The arguments of the Corrientes ruling party

“Make room in the suburbs for 800 thousand Corrientes” if the National Wetlands Law prospers, he went so far as to say to field bugs a national deputy from Corrientes, the radical Jorge Vara, former provincial Minister of Production and author of his own national wetlands bill, in line with the demands of the productive sectors. In a September 2020 note, the media outlet postulated that, according to the criteria applied in the legislation, “70 percent of the surface of the province could be left unproductive”. That argument appears in the shorthand version. Like these others: “It cannot be that legislators from dry, rocky areas come to solve the productive system in Corrientes for us”; “We are not willing to be turned into a productive mummy.”

Barrionuevo, who in that session postulated the need for “the production system to be sustainable from an environmental point of view as well,” trusts that the inventory, as a precision instrument, will be the way out of “the dogmas.” On the contrary, Spataro believes that the existence of a provincial inventory reflects the “fear” of the political power that there is a “coordinated process from the Nation with a strong scientific methodology, which implies that there are more wetlands than those that the province wants recognize”.
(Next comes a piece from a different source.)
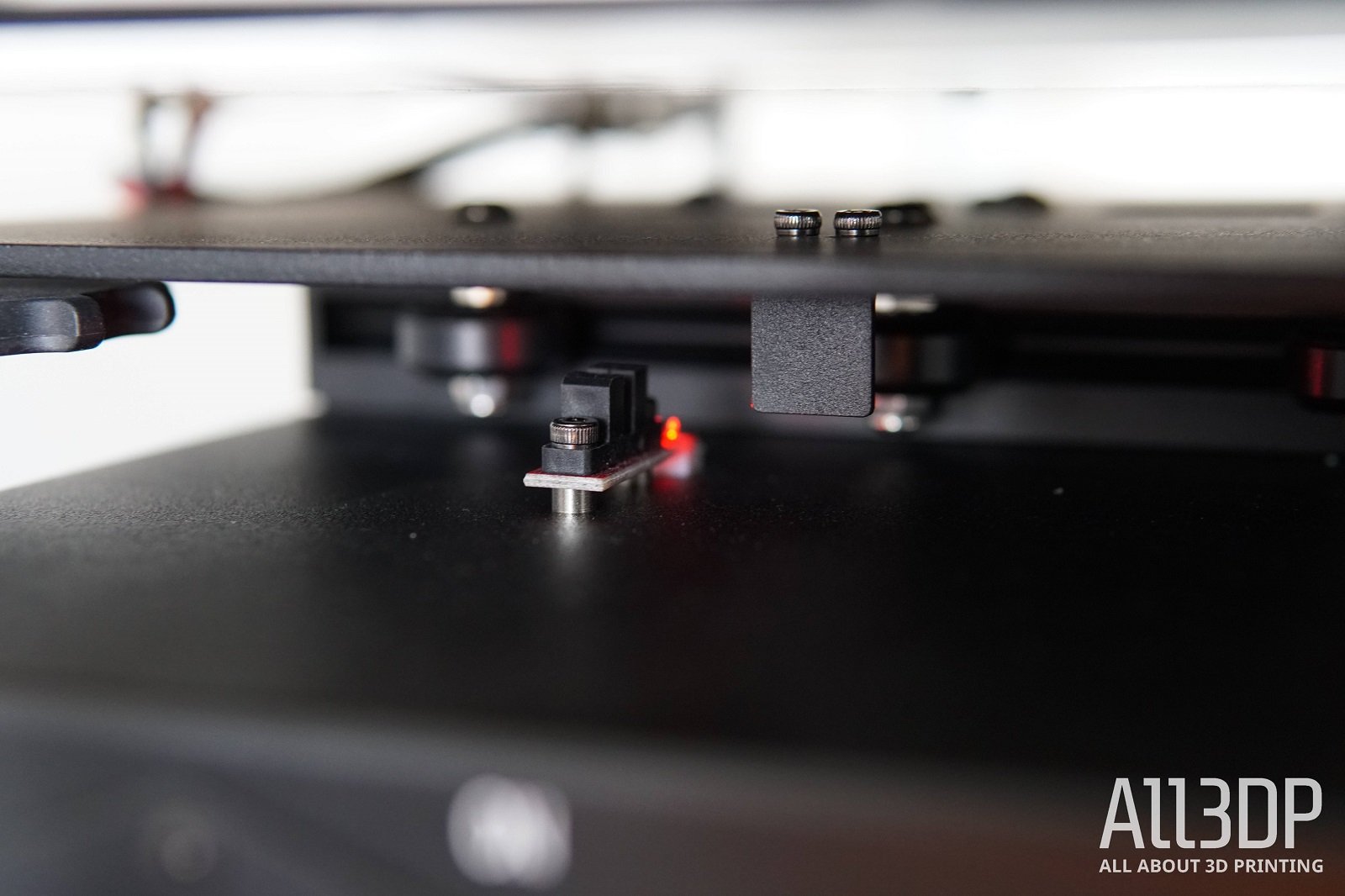 Unlike the mechanical end stops on the X-axis, Anycubic used a contactless sensor for the print bed (Y-axis) end stop. The sensor strikes when the mechanical slider comes close.

Background: the Pino Solanas project

There is a precedent for that Senate resolution. The environmental lawyer tells it Enrique Vialewho worked with Sunshine Pine when the legislator presented the project in Congress in 2016. He also detected the fierce opposition of the senators from Corrientes. And in fact, in the third and last attempt for the sanction of the law, the text was stalled in a commission chaired then by a Corrientes, José Ruiz Aragón (FdT), the one of Agriculture. Viale assures that the one on wetlands is “the most lobbed law in history”, above the one on forests and glaciers.

Losses caused by fires

“A wetlands law would not have stopped all this. Nobody can know if the fires had not occurred, because there is also drought and climate change, but surely it would be better if it existed, even for production. A law orders the territory and the productive activities on these ecosystems, without prohibiting them. Wetlands act as firebreaks, they are sponges that provide water in times of drought and remove it in times of excess water. Its conservation is key to confronting climate change”, explains Viale. And he adds: “They always tell us that the law for entering the provinces. The devastating fires in Corrientes are the best and saddest example that destroying the environment is economically very negative: there is talk of losses of 75 billion pesos”.

A few in their extreme arrogance invented the path of their own destruction. In their ambition they want the citizens to pay for this through production recovery funds. All the money and public transfers must go to guarantee environmental restoration, peasant settlers and affected communities, firefighters, and promote a true fire management plan, based on the implementation of the Wetlands Law,” concludes Spataro.